Adults are now in competition with young people in the electronic indus-tries. The rhetoric of creativity, flexibility, computer savvy is placed on youthful energy. It is the adults who have to catch up.
Given this decentering, should it be any wonder why the fantasmatic child is once more being courted to restore faith in the authority of the con-sumerist capitalist system? Such fantasmatic recuperation is especially evident in Strauss and Howe’s thesis as developed in Millennials Rising. The Net Generation is being courted as the next upcoming “heroic” generation of the “fourth turning,” capable of solving the next “secular crisis” that the United States will find itself in post-9/11 climate. Strauss and Howe’s
“journey into the future” means that there is a selective extrapolation of what can be traced in the present to provide future possibilities. The “future” in its kernel is already here, so to speak. The Net Generation is said to place a high value on science and technology compared to the Boomers and Xers because they have grown up in the computer age with all its advances. They will provide technological and biotech solutions for the twenty-first century and place America on top in both scientific research and practical application, after the “scare” it experienced from Japan in the 1980s and early 1990s, and now from the growing markets of The European Union. There are few
“slackers” amongst them, unlike Gen-X. This “echo” generation is said to be more obedient of authority, more mature, and especially smart. “Smart”

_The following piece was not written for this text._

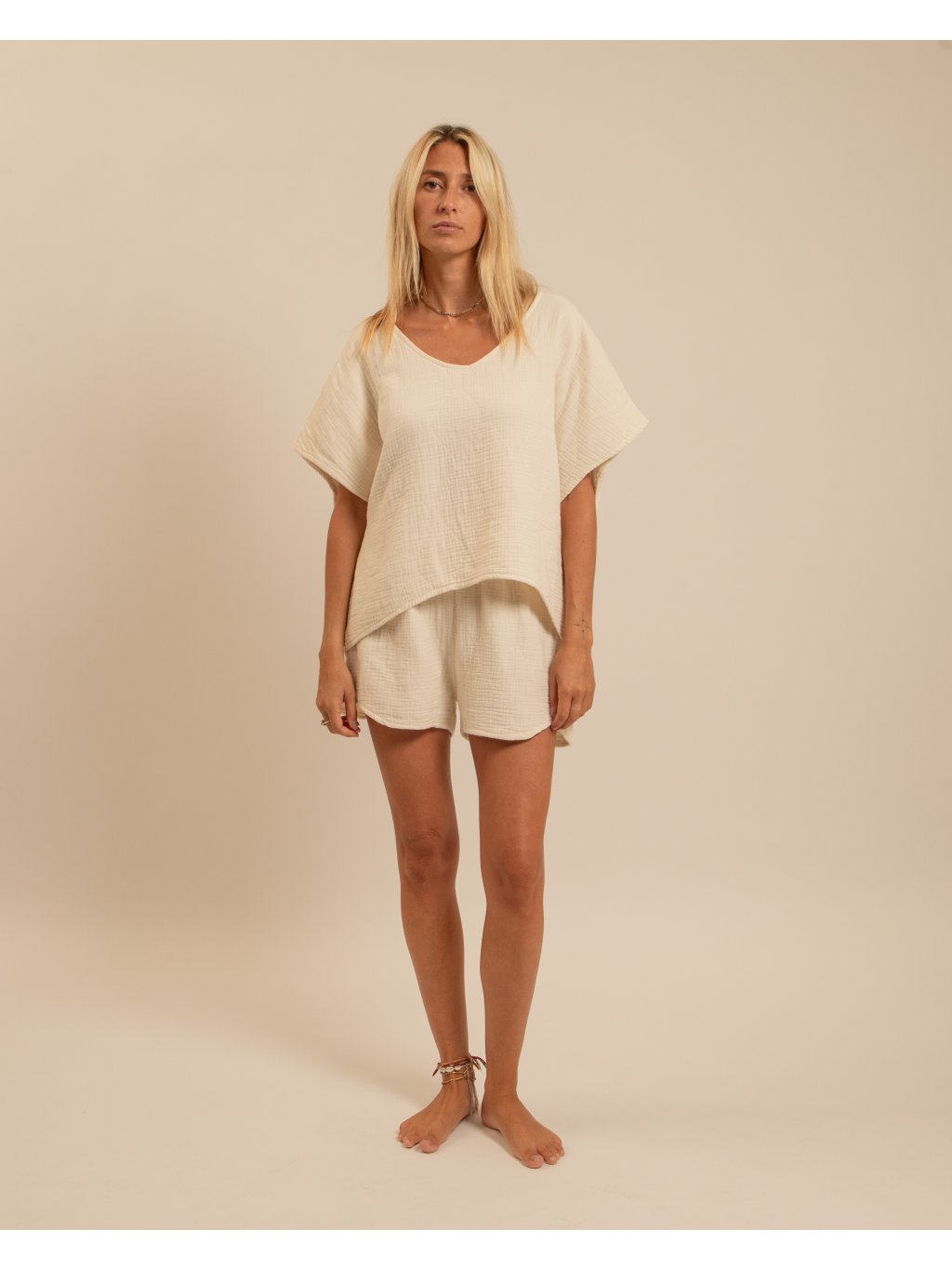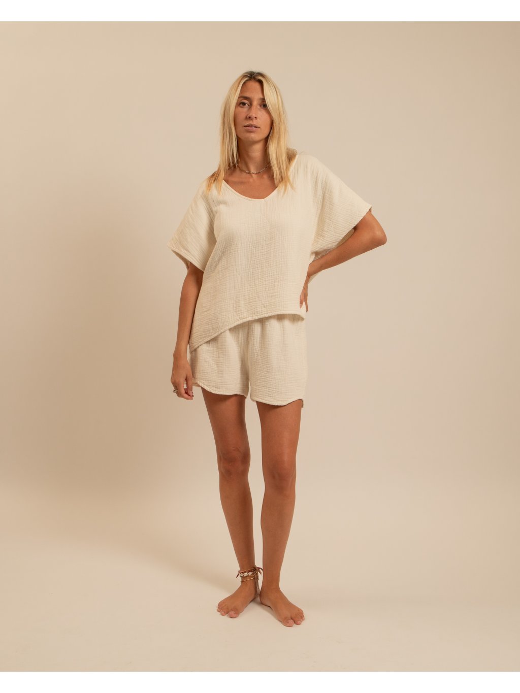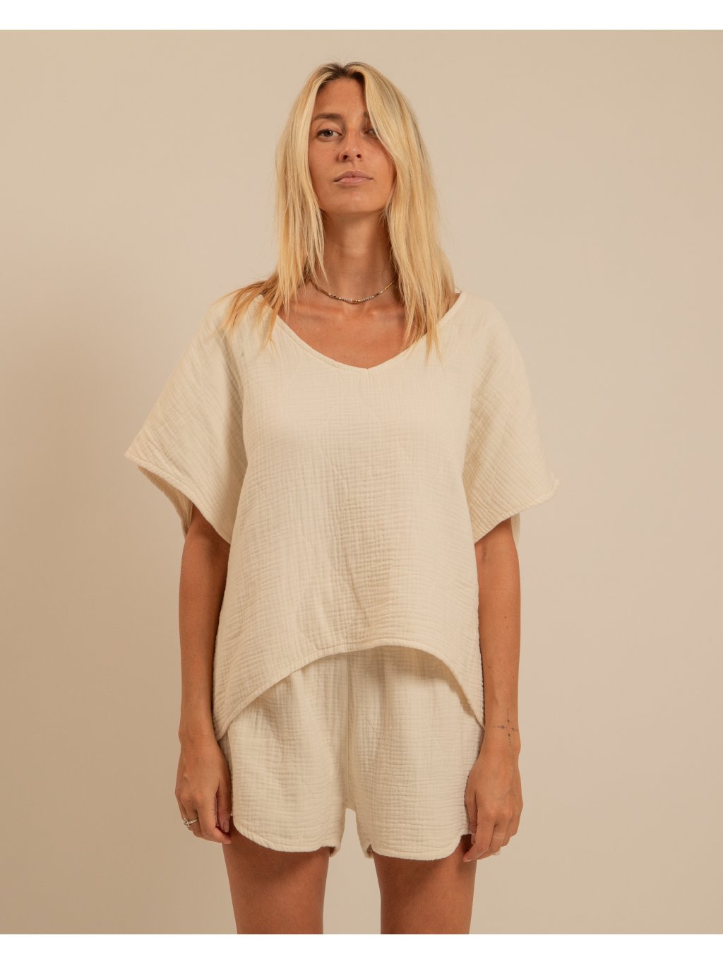 Volný střih s krátkým rukávem a decentním výstřihem působí nenuceně a elegantně zároveň. Krémová barva podtrhuje čistotu designu a nabízí nekonečné možnosti kombinování – od sladěného setu až po kontrastní letní outfit.

refers to their more “pragmatic” approach to life. Because of the Internet they now have access to information; anyone with a search engine can become an
“instant” expert, artist, or shopper. The result is that this Net Gen has become even more “autonomous” in their decision making than ever before.
The most valued traits are said to be individuality and uniqueness. Crafting
a personalized image that communicates individuality, even as it paradoxi-cally confirms membership in a group or groups, is what it’s all about.
In chapters 2 and 3 we introduce our hypothesis concerning postmodern youth culture and the fantasies that structure it. We shall not follow Strauss and Howe’s trajectory, although our examples throughout the study are, by and large, confined to the 1990s decade, the more recent developments in music in our companion books, the Internet, video games, and television.
We attempt to provide an understanding as to why Lacanian psychoanalysis offers a unique way to grasp youth fantasies, and hopefully provide enough examples to grasp its conceptualizations.